Nonostante non parlino, i nostri amici a quattro zampe sanno sempre come farci capire che si trovano in una condizione di psicologica difficoltà. Se decidiamo di adottare un cane che ha subìto percosse o che ha sviluppato traumi in seguito a episodi dolorosi come un abbandono, è importante capire quale sia il modo giusto di rapportarsi a lui: sicuramente, la prima cosa da fare, è lasciarsi aiutare da un educatore cinofilo e seguire le direttive del veterinario; nel frattempo, è bene fare attenzione anche nel nostro quotidiano a come ci comportiamo, in maniera tale da aiutarlo a superare i suoi blocchi.
Un esercizio che possiamo fare è quello di presentare al cane “ostacoli” e situazioni che gli possono sembrare insormontabili (in base alle paure del cane stesso: c’è quello che ha paura della scopa, chi delle moto, ecc…) e fargli vedere che noi ne usciamo indenni. In seguito invitiamolo a seguirci, mostrandogli “come si fa”. È un esercizio importante, questo, perché fa crescere sia la fiducia che il cane ha nei vostri confronti sia la sua autostima.
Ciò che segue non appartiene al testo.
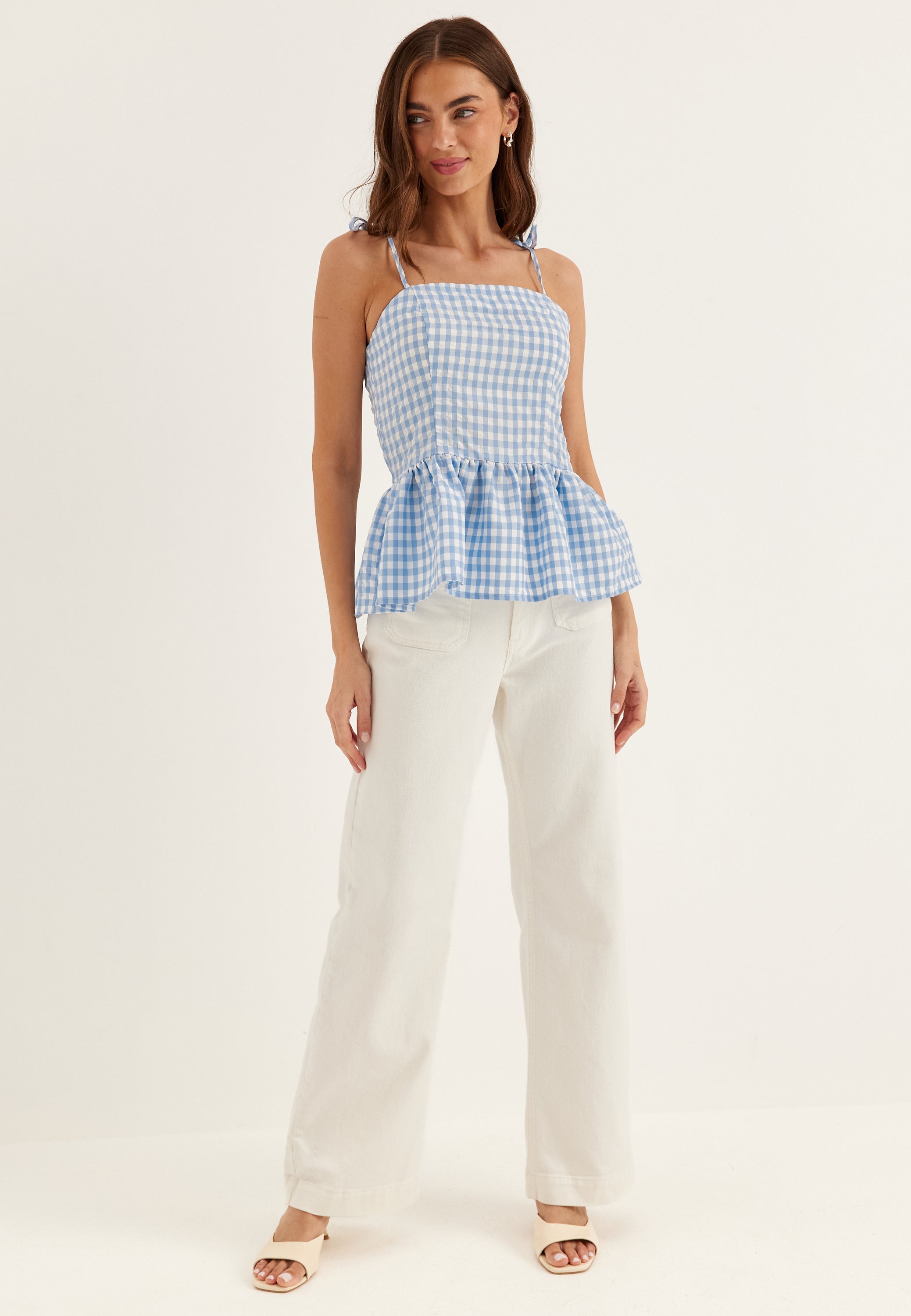 - Thin tie bands at the shoulder

Un altro aspetto su cui lavorare è il grado di attenzione che riusciamo a ottenere: è necessario ottenere la sua attenzione e riuscire a tenerla alta e focalizzata su di noi. Sarebbe da evitare l’utilizzo del cibo, meglio farlo attraverso attività ludiche e oggetti utili ai fini del gioco: l’esercizio è per far capire al cane quanto sia divertente stare con noi, per cui l’animale deve divertirsi. Il cibo può essere un premio, non il mezzo per attirarlo a noi. Si può dire, infatti, di aver centrato l’obiettivo quando ci rendiamo conto che il cane ritiene divertente stare con noi indipendentemente dal premio finale: se non raggiungiamo questo livello di relazione con il quattrozampe, non possiamo agire successivamente con l’educazione, l’addestramento né tanto meno con il recupero comportamentale in casi di traumi.
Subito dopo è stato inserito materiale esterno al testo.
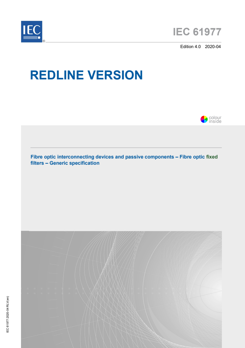 IEC 61977:2020 RLV - Fibre optic interconnecting devices and passive components - Fibre optic fixed filters - Generic specification Released:4/9/2020

È importante, però, ricordare che esercizi di questo tipo richiedono molta pazienza: inizialmente, infatti, il cane potrebbe presentarsi “svogliato” o disinteressato nei confronti del gioco. Non dobbiamo demordere e, soprattutto, non si deve pensare che il cane “non sappia giocare”: ogni cane sa giocare ma nei casi di cani che hanno subìto maltrattamenti è possibile che la capacità di gioco sia assente proprio perché gli stimoli li impauriscono e non riescono a concentrarsi sul gioco. In questi casi bisogna, dunque, invitare il cane al gioco iniziando in luoghi sicuri: prima in casa, poi in giardino, poi al parco. Sempre e comunque in nostra presenza e mostrandoci attivi al gioco: ad esempio, non pretendiamo che il cane giochi con un’altra persona anche se siamo lì, perché viene meno il concetto di fiducia; non limitiamoci a lanciare la pallina, giochiamo con lui in modo attivo: “tira e molla”, nascondino, correre insieme… La cosa importante è che riconosca in noi il fulcro del benessere e del divertimento.
È proprio durante il gioco che, una volta ottenuta completamente la fiducia, possiamo gradualmente inserire gli elementi che lo spaventano. Inizialmente sarà sicuramente ancora spaventato, bisogna dunque attuare un processo di desensibilizzazione: facciamo avvicinare “l’oggetto della paura” a gradi, prima più lontano e poi più vicino. E allontaniamolo se il cane mostra molta paura. Avviciniamolo, invece, ogni volta che il cane si dimostra più tranquillo.
Fondamentale, in conclusione, è avere pazienza: non esistono regole prestabilite per quanto riguarda le tempistiche di superamento di un trauma o di una paura. Ogni cane, in base alla sua esperienza, avrà bisogno dei suoi tempi.